Evaluating transformative adaptation options for Australian extensive farming – a cross-transect analyses of systemic adaptations - July 2016 supplementary report
2016
This supplementary report contains results from a project that has conducted research across
Australia’s extensive farming systems to examine adaptation options that provide resilience to likely
climate change by 2030. We have identified and evaluated the effectiveness of a range of options for
land managers with grazing, mixed grazing/cropping and cropping enterprises that maintain or boost
profitability in a climate that is changing and becoming increasingly variable, whilst reducing
greenhouse gas (GHG) emissions (CH4, N2O and CO2). We have considered the effectiveness of these
options at multiple scales (farm, community and region) and against multiple criteria (profit, risk,
environmental impacts, GHG emissions and community impacts). This provides key insights into the
challenges associated with managing land use change and transition resulting from climate change
(variability) as well as the range of systematic adaptation options available across corridors that
include both rangeland and mixed cropping/grazing and cropping land use to support such change.

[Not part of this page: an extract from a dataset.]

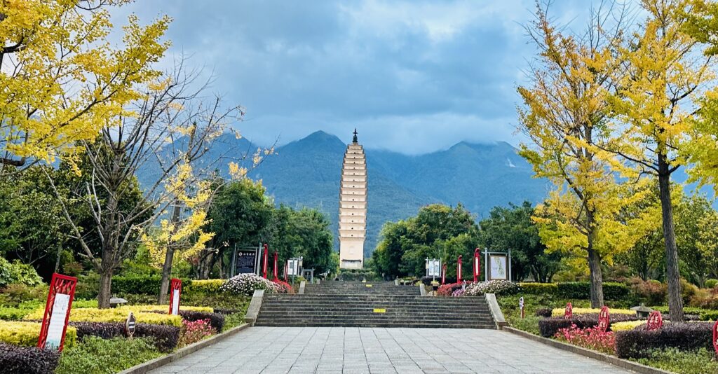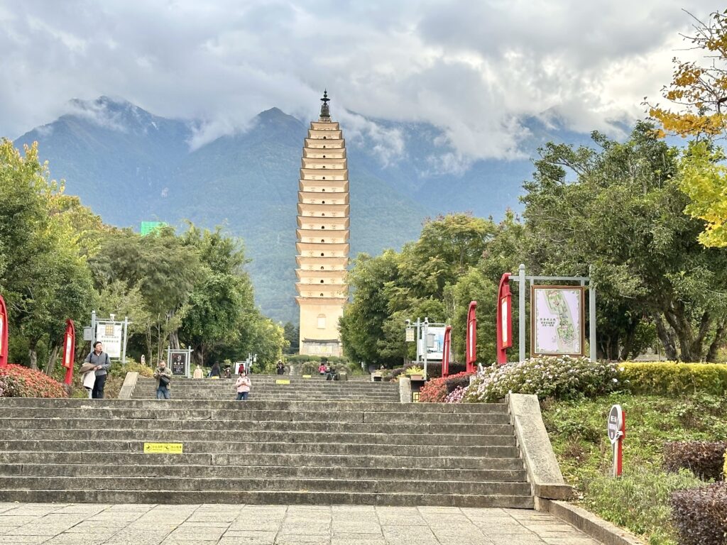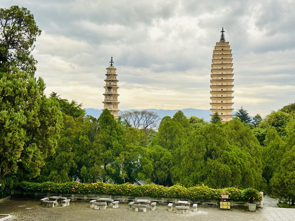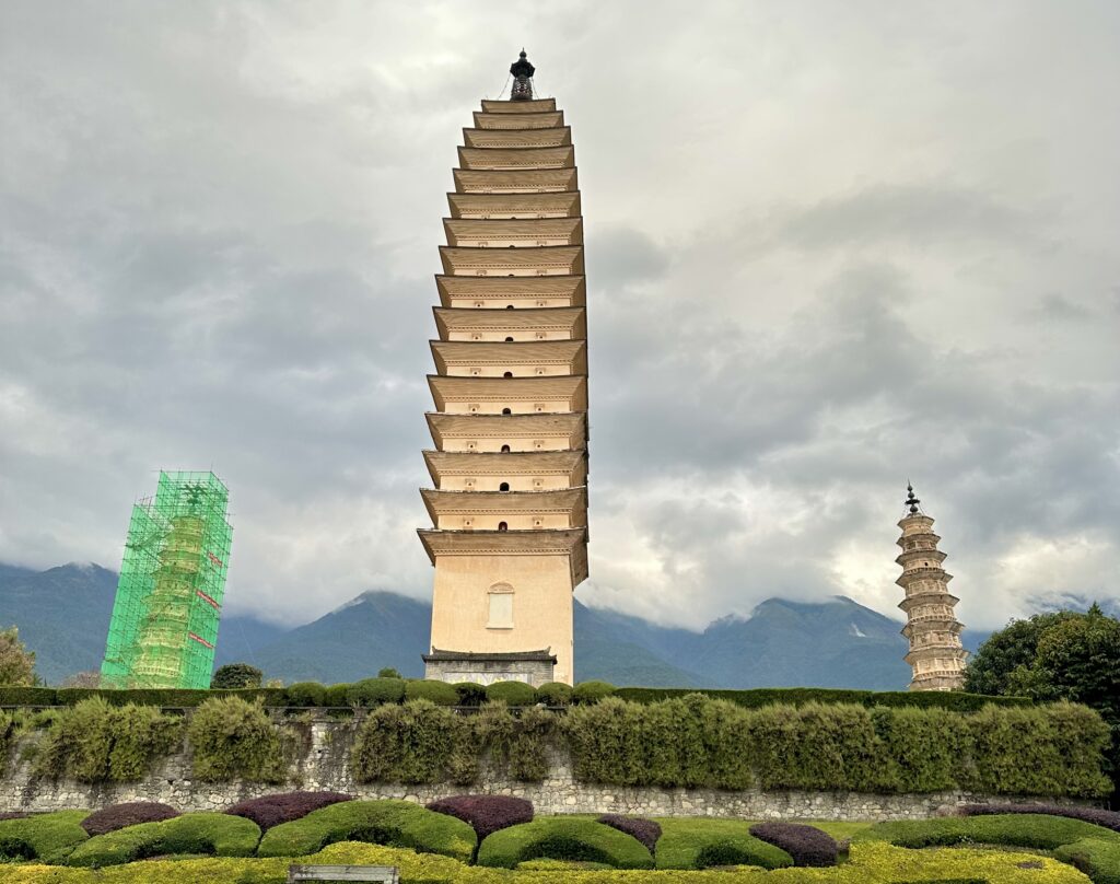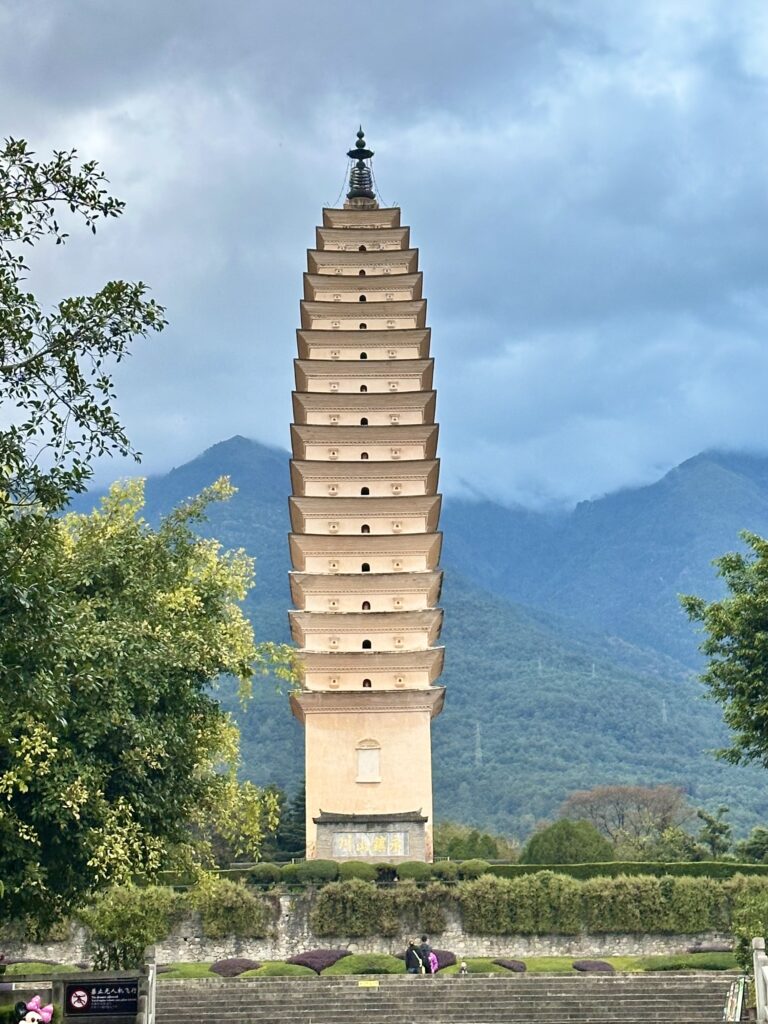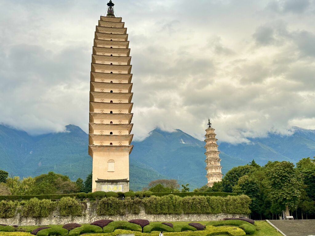 The Three Pagodas of Chongsheng Temple are famous Buddhist pagodas in southwest China. The main pagoda is about 42 metres high. It’s a sixteen-tiered, 10-metres square, originally built in the Tang Dynasty (around the 9th century).

More systemic and transformative adaptation options derived from effective packaging of multiple
incremental changes are the focus of this study (e.g. perennialisation of the landscape, effective
cropping and grazing mix, opportunistic farming, and synergic combinations of options). Evaluation
and engagement activities have been undertaken along transects that include both rangeland and
mixed cropping/grazing and cropping land use (Figure 1). These include:
WA – Transect 1 (Katanning, Cunderdin, Merredin, Mullewa)
SA - Transect 2 (Quorn in the north to Maitland in the South
VIC - Transect 3 (Birchip in the North to Warrnambool in the south)
NSW - Transect 4 (Goolgowi, Condobolin, Walgett, Trangie, Moree)
Across each transect two adaptation packages were compared against a business as usual
management (BAU) strategy. This comparison was undertaken for a period of recent history as well
as for the near future, namely a 30 year period centred on 2030. The effectiveness of the adaptation
options was evaluated in terms of changes to farm cash returns, greenhouse gas emissions and NRM
issues, such as cover, runoff and drainage. .
Table 1 represents a synthesis of the median percentage change in farm profitability and greenhouse
gas emissions for all case study sites across each of the transects. The results show, that the strategy
of shifting to summer-active perennial pastures and separating them from cropping appears not to be
a widely-applicable adaptation to climate change. It proves to be financially advantageous at only a
minority of locations, and at those locations the simulations estimate that separated annual pastures
have nearly the same or better financial outcomes.
At the 5 locations, where separating crops and pastures produced an expected financial benefit at
2030, the size of this benefit was relatively small ($5-11 per farm hectare) except at Quorn, where it
was $21 per farm hectare. The main reason for this is that pastures occupy relatively little of the land
at the other 4 locations, and so the gains from changing pasture and livestock management are
strongly diluted at the farm scale. At Quorn, however, the livestock enterprise is proportionally much
more important and the marginal effect of more-reliable production from separated pastures is
therefore greater.
The option of changing the cropping and livestock mix, to a more livestock dominated farming system,
appears to be a more effective adaptation option, in response to 2030 climate conditions, than the
perennialisation option. On average this option provides a net benefit of between $9 and $42 per
hectare mean cash margin advantage over the BAU strategy, for two (NSW and WA) of the three
transects examined. Across the SA transect this option proved to be ineffective and resulted in a mean
farm cash margin of $11 per hectare lower than the BAU strategy. In broad terms the shift towards a
more livestock dominated farming system was better able to provide profitability in years with below
average growing conditions (i.e. more frequent in each of the future climate scenarios).